È la prova che il mandato di Theresa May, la cui fine lei stessa aveva fissato in precedenza entro il 2022 (prossime elezioni) va avanti con un solo scopo: realizzare l'uscita dall'Unione europea e farlo in maniera ordinata entro il 22 maggio, come ha stabilito il Consiglio europeo se il Parlamento darà luce verde all'intesa (la data è stata fissata ieri per legge dai deputati inglesi). La premier dalle sette vite si gioca dunque la sua settima e definitiva esistenza politica nel disperato tentativo di convincere i falchi anti-Europa e i Leavers laburisti a dare il via libera all'intesa entro venerdì. Il 29 marzo, la data inizialmente fissata per l'uscita, è diventato adesso il giorno ultimo fissato dalla Ue perché i parlamentari diano la loro benedizione all'accordo, che arriverebbe comunque con due mesi di ritardo. Altrimenti, se l'Aula lo boccerà, sarà addio senza intesa, no deal, ma il 12 aprile. L'uscita di scena di May, più che volontaria, è la condizione posta dagli «anziani» tory per dare un'ultima chance al suo piano, bocciato due volte in Parlamento, a gennaio e a metà marzo.

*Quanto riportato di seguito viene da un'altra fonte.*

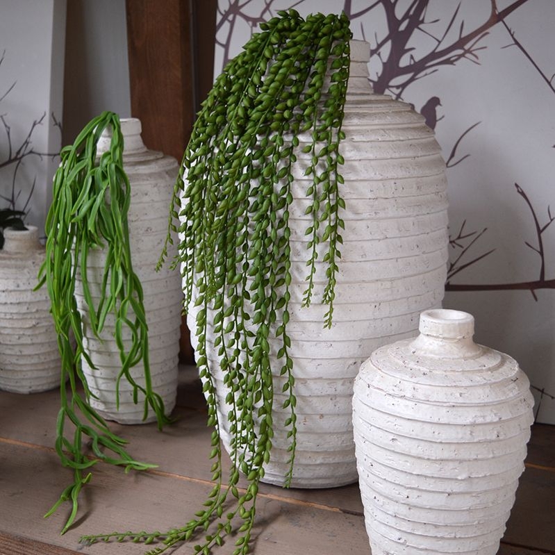 Questa pianta artificiale ricadente Senecio Pearl, chiamata anche "filo di perle" o pianta di piselli, è una varietà succulenta e una bellissima pianta artificiale decorativa. Questa varietà presenta piccole sfere ovali che pendono in bellissimi fili. La piant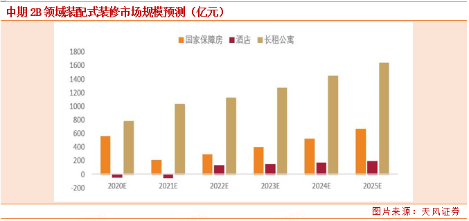 根据天风证券预测,中期2B领域的装配式装修市场规模在2025年达到2482亿元,2020-2025年复合增速为14%。其中,国家保障房、酒店、长租公寓分别为663亿元、186亿元、1632亿元,长租公寓占比高达66%。

Basterà a salvare la sua Brexit? Alla premier l'ultima volta sono mancati 149 voti, 75 dei quali conservatori. I falchi come Jacob-Rees Mogg, Boris Johnson e una trentina di Brexemists in tutto hanno annunciato un voto favorevole, pur di evitare il rischio di far slittare talmente in avanti la Brexit da non portarla più nemmeno a compimento. Ma il partito nord-irlandese Dup ha mandato in soffitta le speranze della May dicendo che no, la sua opposizione resta. L'impresa appare ancora ardua, l'ostacolo insormontabile. E non è il solo lungo la strada. Perché nel frattempo lo Speaker della Camera John Bercow ha ribadito che senza modifiche sostanziali al testo della mozione che il governo intende presentare in Aula, lui non consentirà un terzo voto su una mozione già bocciata due volte dalla Camera. «Mi aspetto che il governo passi il test del cambiamento» ha detto chiaramente Bercow. L'esecutivo tenterà il tutto per tutto entro domani, come ha già confermato, annunciando una mozione all'ultimo giorno utile.

Se però il piano May non andasse in porto, Westminster ha dimostrato di non essere capace di esprimere un «piano B».

I deputati, investiti dall'emendamento Letwin della possibilità di indicare vie alternative alla Brexit, dall'unione doganale permanente al modello Norvegia, nonostante tutto, alla fine non sono stati capaci di esprimere una linea chiara.